2. Trigger a pipeline run:
- CLI: `stella db jobs run source:kev:fetch --and-then source:kev:parse --and-then source:kev:map`
- REST: `POST /jobs/run { "kind": "source:kev:fetch", "chain": ["source:kev:parse", "source:kev:map"] }`
3. Verify the metrics exposed by meter `StellaOps.Feedser.Source.Kev`:
- `kev.fetch.attempts`, `kev.fetch.success`, `kev.fetch.unchanged`, `kev.fetch.failures`
- `kev.parse.entries` (tag `catalogVersion`), `kev.parse.failures`, `kev.parse.anomalies` (tag `reason`)
- `kev.map.advisories` (tag `catalogVersion`)
4. Confirm MongoDB documents exist for the catalog JSON (`raw_documents` & `dtos`) and that advisories with prefix `kev/` are written.

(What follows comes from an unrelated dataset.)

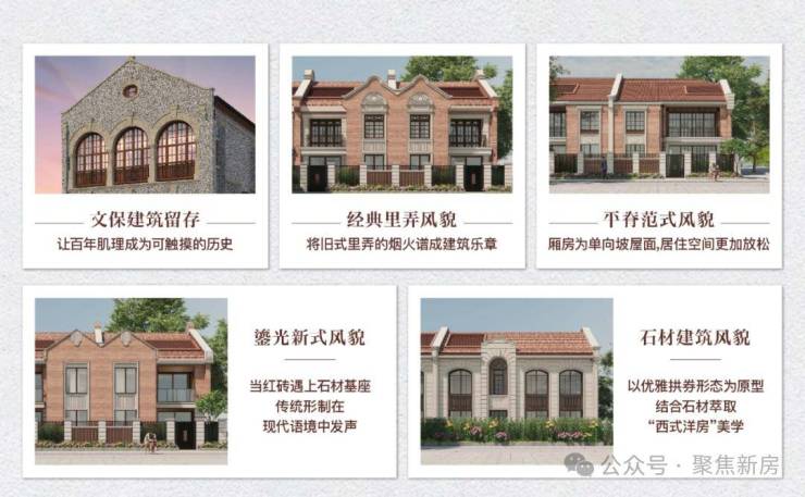 全上海第一个多元化形态风貌别墅新房,五大经典建筑立面复刻百年风貌Art Deco神韵,包括文保建筑留存、经典里弄风貌别墅、平脊范式风貌别墅、鎏光新式风貌别墅和石材立面风貌别墅。

### 2.4 Production Monitoring
- Alert when `kev.fetch.success` goes to zero for longer than the expected daily cadence (default: trigger if `rate(kev.fetch.success[8h]) == 0` during business hours).
- Track anomaly spikes via `kev.parse.anomalies{reason="missingCveId"}`. A sustained non-zero rate means the upstream catalog contains unexpected records.
- The connector logs each validated catalog: `Parsed KEV catalog document … entries=X`. Absence of that log alongside consecutive `kev.fetch.success` counts suggests schema validation failures—correlate with warning-level events in the `StellaOps.Feedser.Source.Kev` logger.
### 2.5 Known good dashboard tiles
Add the following panels to the Feedser observability board:
| Metric | Recommended visualisation |
|--------|---------------------------|
| `kev.fetch.success` | Single-stat (last 24h) with threshold alert |
| `rate(kev.parse.entries[1h])` by `catalogVersion` | Stacked area highlights daily release size |
| `sum_over_time(kev.parse.anomalies[1d])` by `reason` | Table anomaly breakdown |
## 3. Runbook updates
- Record staging/production smoke test results (date, catalog version, advisory counts) in your teams change log.
- Add the CVE/KEV job kinds to the standard maintenance checklist so operators can manually trigger them after planned downtime.
- Keep this document in sync with future connector changes (for example, new anomaly reasons or additional metrics).